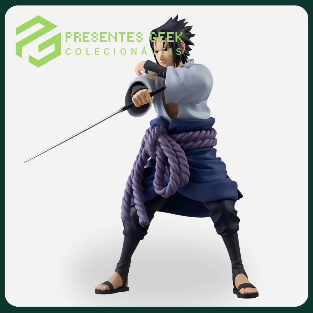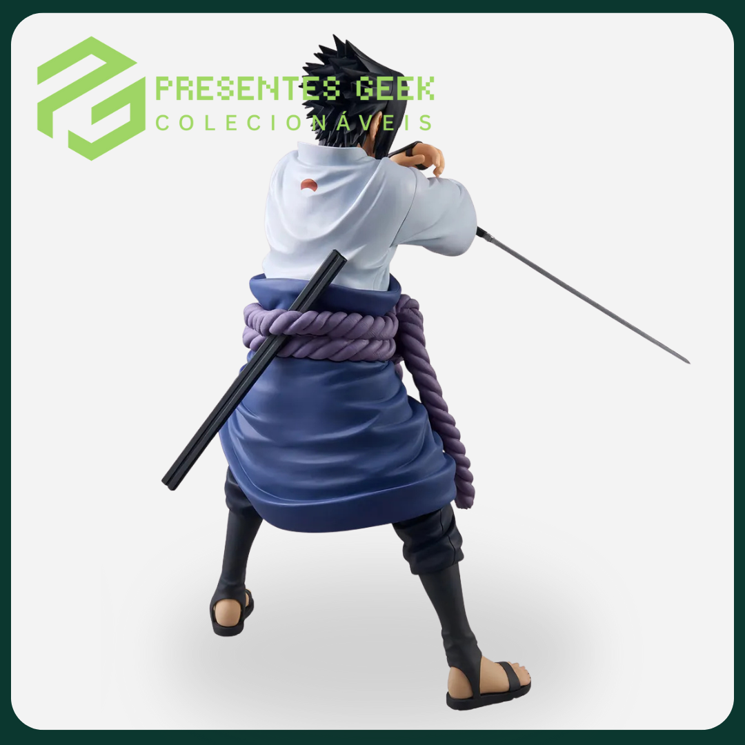 Com incríveis 27 cm de altura, esta estátua se destaca em qualquer prateleira, superando em tamanho e presença as linhas convencionais. A escultura captura Sasuke no início da fase Shippuden, com seu traje aberto, o cinto de corda roxa (Shimenawa) e empunhando a mortal Espada Kusanagi, pronto para cumprir sua vingança.
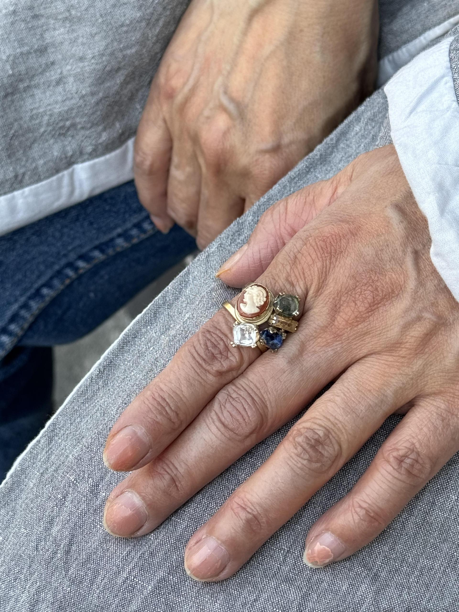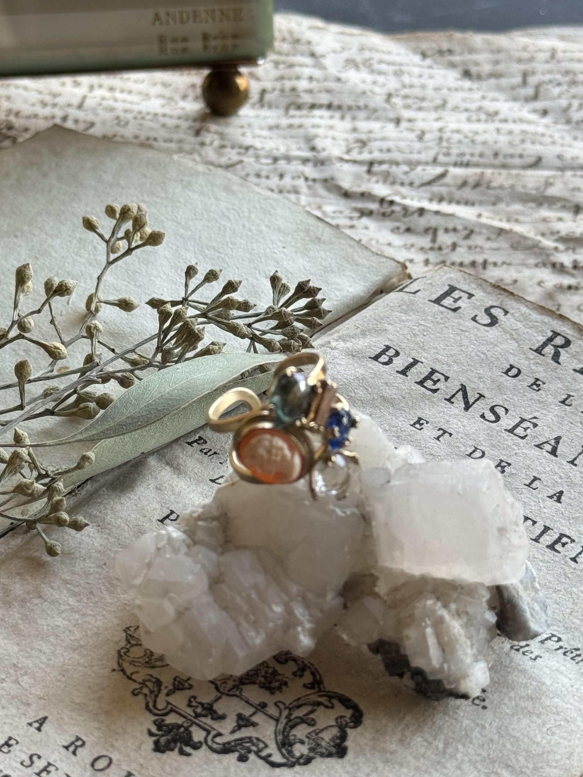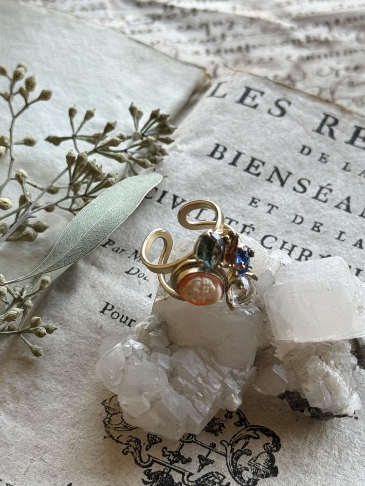 - 1890's vintage shell cameo & semi precious stones
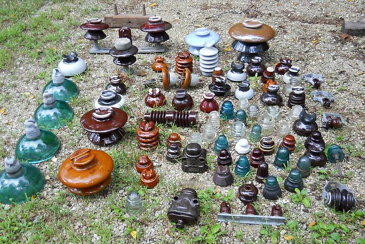 A friend of mine made a great find recently and passed it along to me. I have mostly glass insulators and had always wanted one of those big blue glass discs. Now I have FOUR! And how about that large birds-egg blue porcelain in the back...has a manufacture date stamp of 1931. How about you...which one do you like the best? |
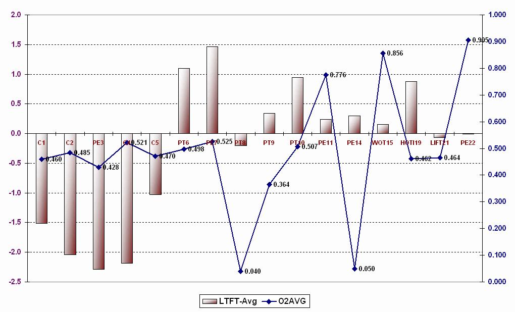 This shows what the front 02 sensors reported verus what LTFT values for each fuel trim cell that was used
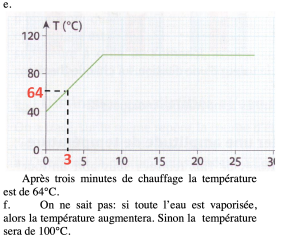 e. Quelle était la température de l’eau après trois minutes de chauffage ?
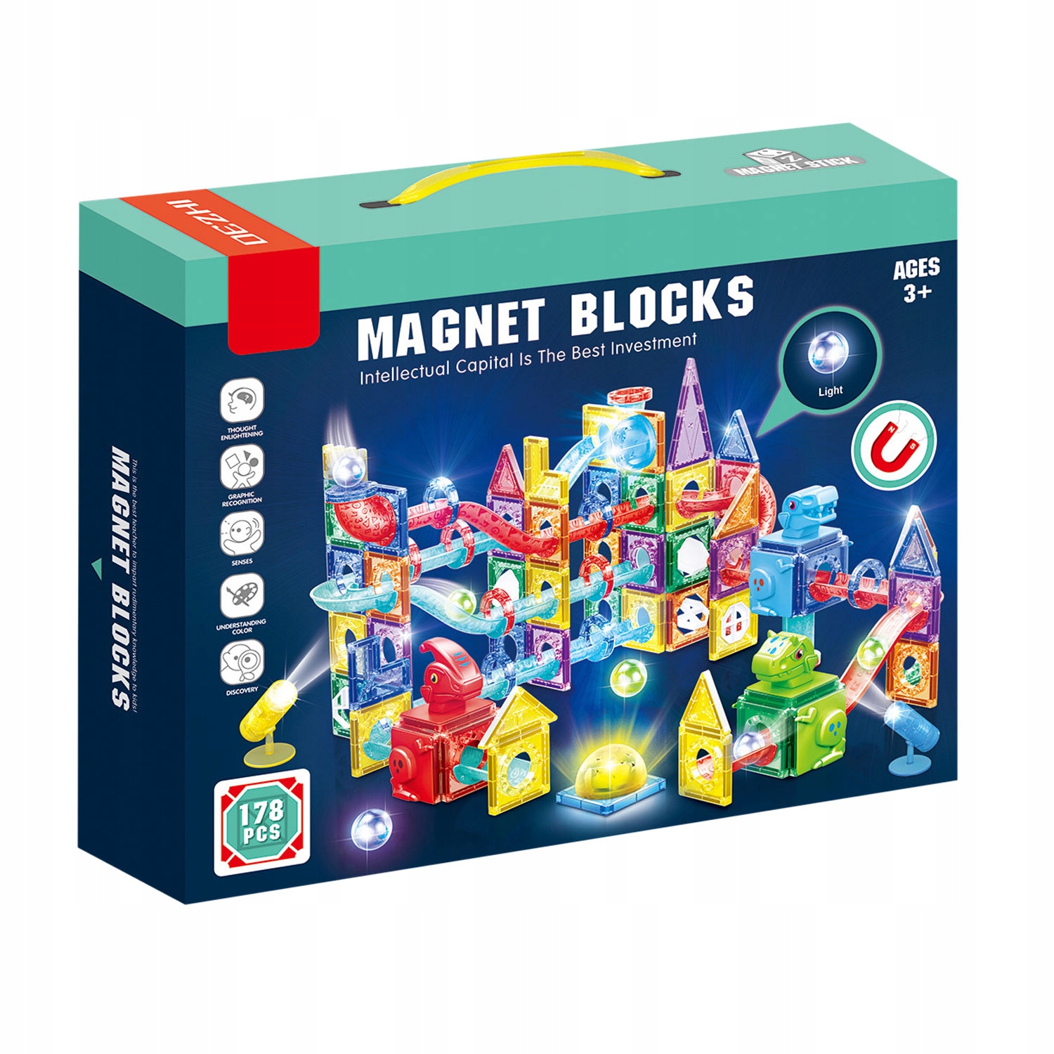 Zestaw klocków magnetycznych ze światłem - aż 178 elementów!

========================================================================

**Problem details**
Only the lines from the beginning of the records up to and including the line with "This shows what" should appear, exactly as they are, and no pictures.

**Written solution**
 Com incríveis 27 cm de altura, esta estátua se destaca em qualquer prateleira, superando em tamanho e presença as linhas convencionais. A escultura captura Sasuke no início da fase Shippuden, com seu traje aberto, o cinto de corda roxa (Shimenawa) e empunhando a mortal Espada Kusanagi, pronto para cumprir sua vingança.
 - 1890's vintage shell cameo & semi precious stones
 A friend of mine made a great find recently and passed it along to me. I have mostly glass insulators and had always wanted one of those big blue glass discs. Now I have FOUR! And how about that large birds-egg blue porcelain in the back...has a manufacture date stamp of 1931. How about you...which one do you like the best? |
 This shows what the front 02 sensors reported verus what LTFT values for each fuel trim cell that was used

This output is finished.